So, Microsoft already ships project Honolulu with RDMA based hyperconverged storage as part of Windows Server 2016. And, Storage Spaces Direct is non-proprietary, works on every vendors servers, etc...

Hyperflex is a hyper resource hog. It can do 40Gbit, but so can WSSD with about 1/100th the overhead due to the RDMA support. Oh... let’s not forget large scale storage tiering, massive data scaling, etc...

Add to that support for Microsoft network controller and you can do everything Hyperflex does better.

So buy some C220 M4 or better servers for compute and hot storage. Then buy some C3260s for cold, colder and damn near frozen storage. Then install Windows Server 2016 and project Honolulu and skip using storage products that offer absolutely nothing useful at a massive additional cost.

Oh... Hyperflex is compatible with precisely nothing when it comes to backup. You have to run sector by sector backups of hard drive snapshots.

Cisco does make the absolute best servers for enterprise data centers. But Hyperflex, UCS Director, UCS central, UCS Manager, Cloud Manager, etc... they’re absolute shit.

Look at the latest version of UCS Manager. Cisco can’t even get the right box to be highlighted when navigating servers. No upload process bars on software uploads... no status report at all during firmware updates causing the fabric to reboot.

The only way that UCS Manager is useable anymore is through the command line or APIs and the APIs are frigging horrifying messes of “it’s kinda like SOAP”.

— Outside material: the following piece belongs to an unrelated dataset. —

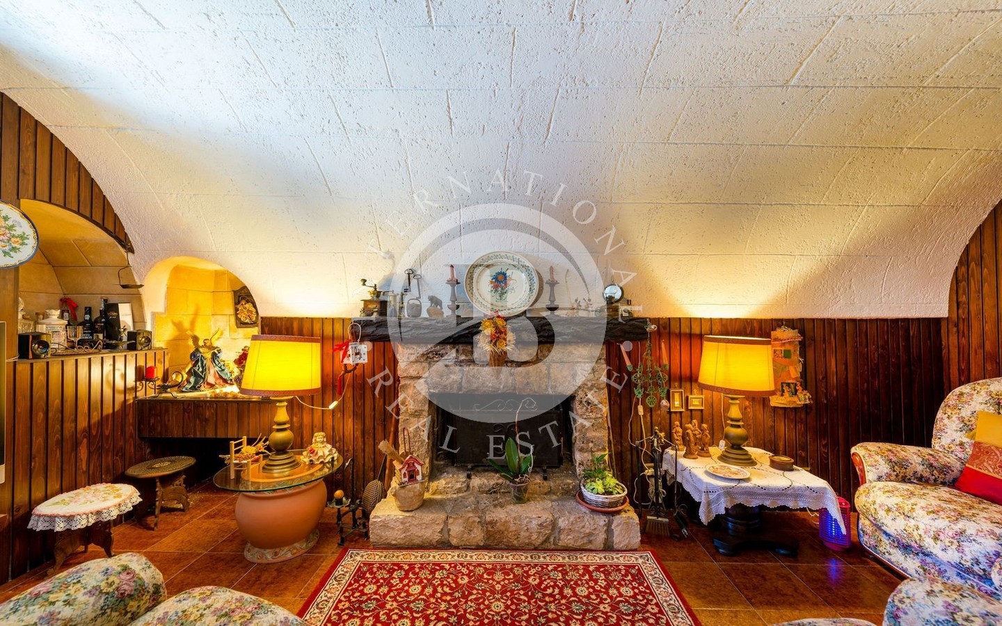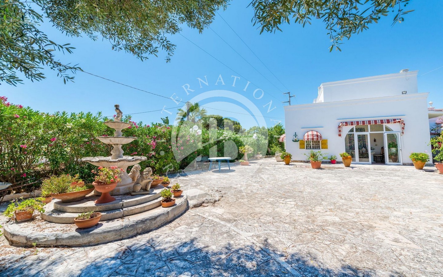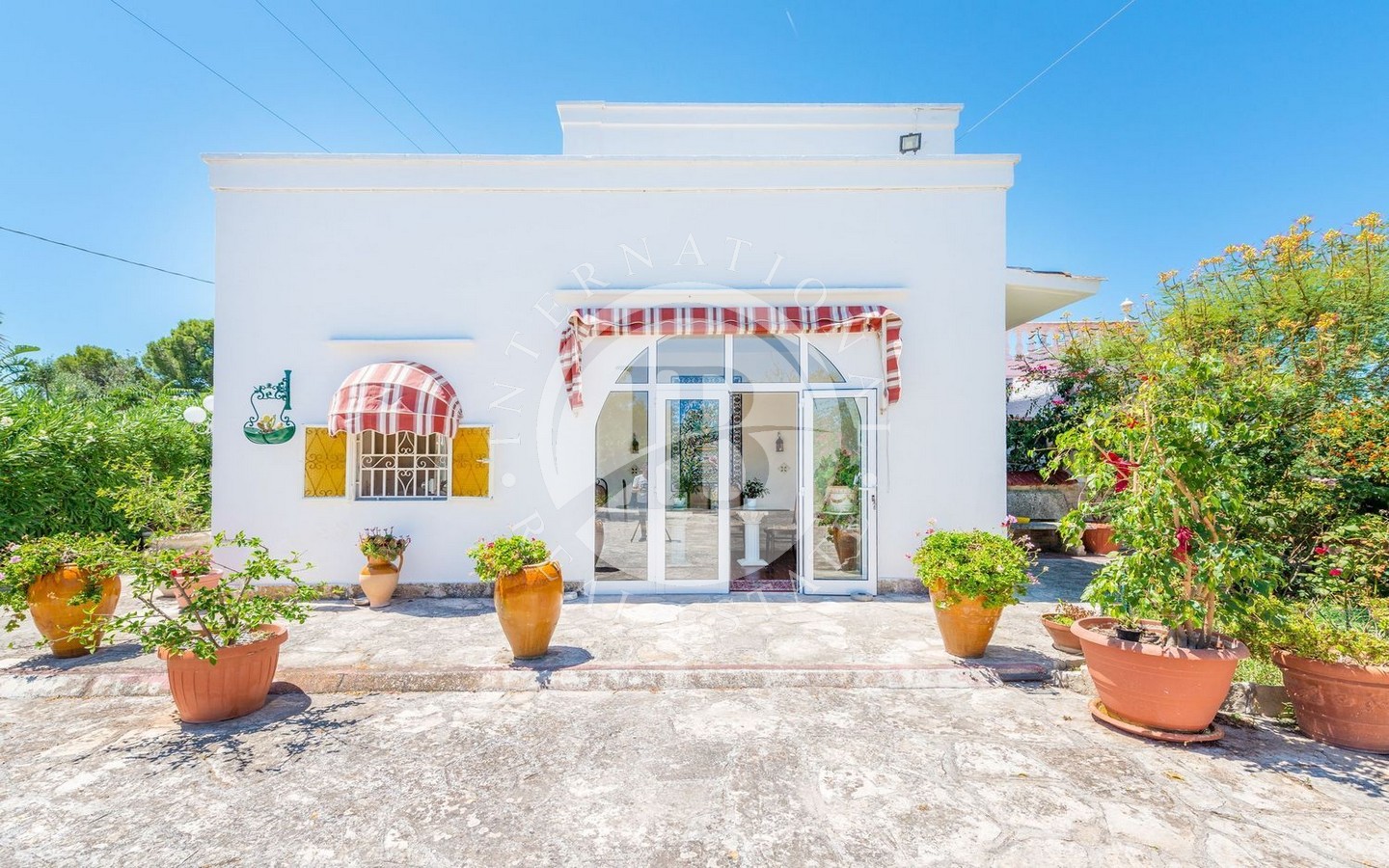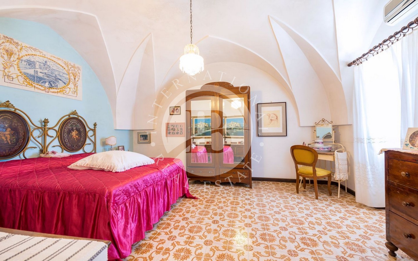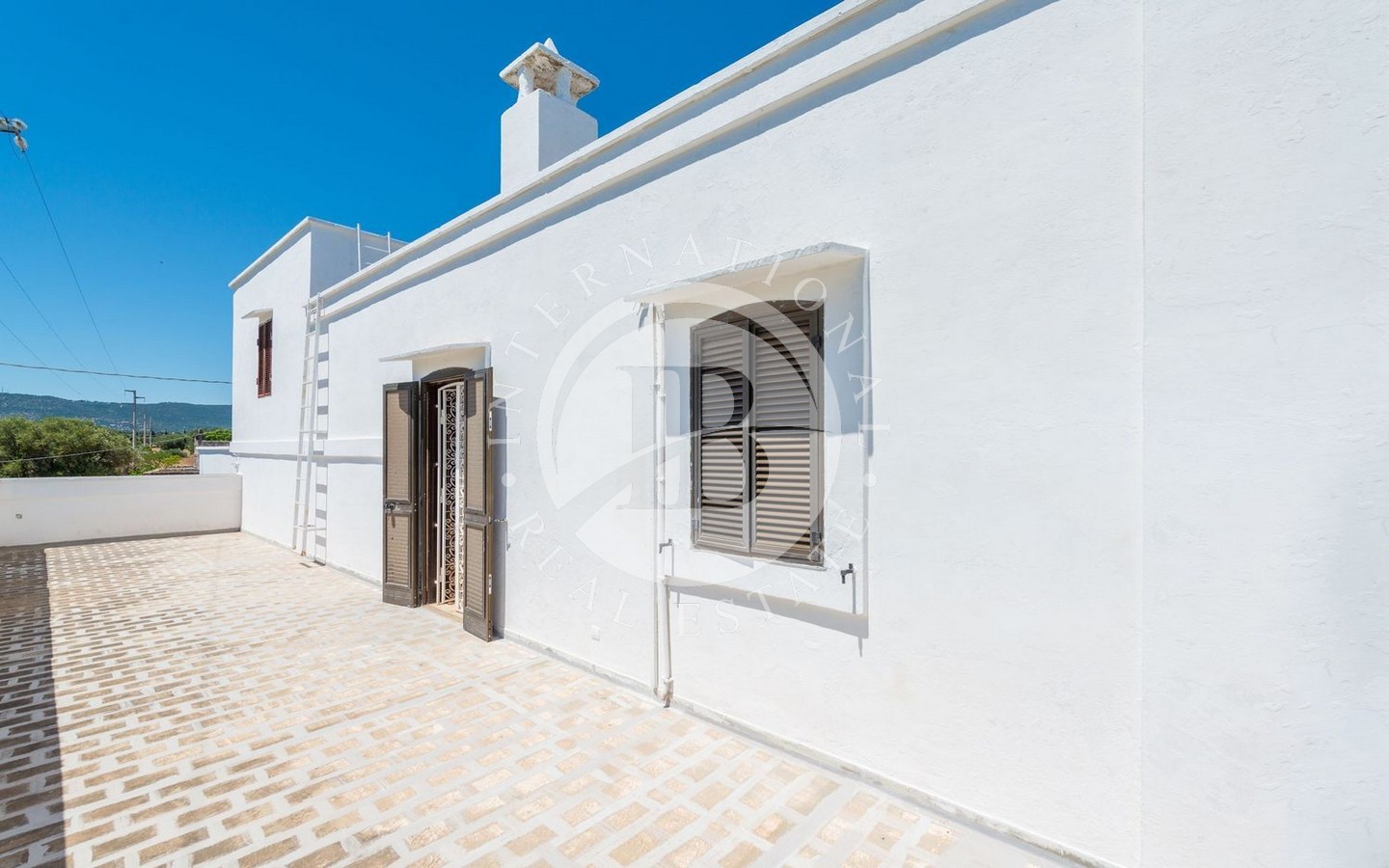 Disposto su due livelli, il casale si compone di undici spaziosi vani, caratterizzati in parte da suggestive volte tipiche, che conferiscono un fascino unico all'ambiente. Gli ampi patii, le verande e le terrazze pertinenziali offrono spazi ideali per godere appieno della vista e del clima mediterraneo, mentre il giardino attrezzato di circa 1800 mq, arricchito da piante e fiori, crea un'oasi di verde e tranquillità.

Thankfully, they support Redfish on rack servers which completely eliminates the need for horrors like UCS Manager and UCS Central.

Honolulu is close to being fully integrated with Redfish, so bare metal will be 100% managed by a company who actually writes software.

To be fair, UCS is 100000% better than most competitors if for not other reason than it’s ability to managed all devices from all vendors through a single API. So, creating a RAID is done through Cisco’s code and doesn’t require trying to hack your way into the RAID controller. Ethernet settings are parts of Cisco’s code and doesn’t require booting into a 10 year old version of Windows to run a 8 year old Java to maybe perform a network BIOS update (hello HPE).

Hyperflex is just an amazing waste of money if Hyper-V is there. It’s great for platforms like VMware which who actually think storage, networking, and management are optional.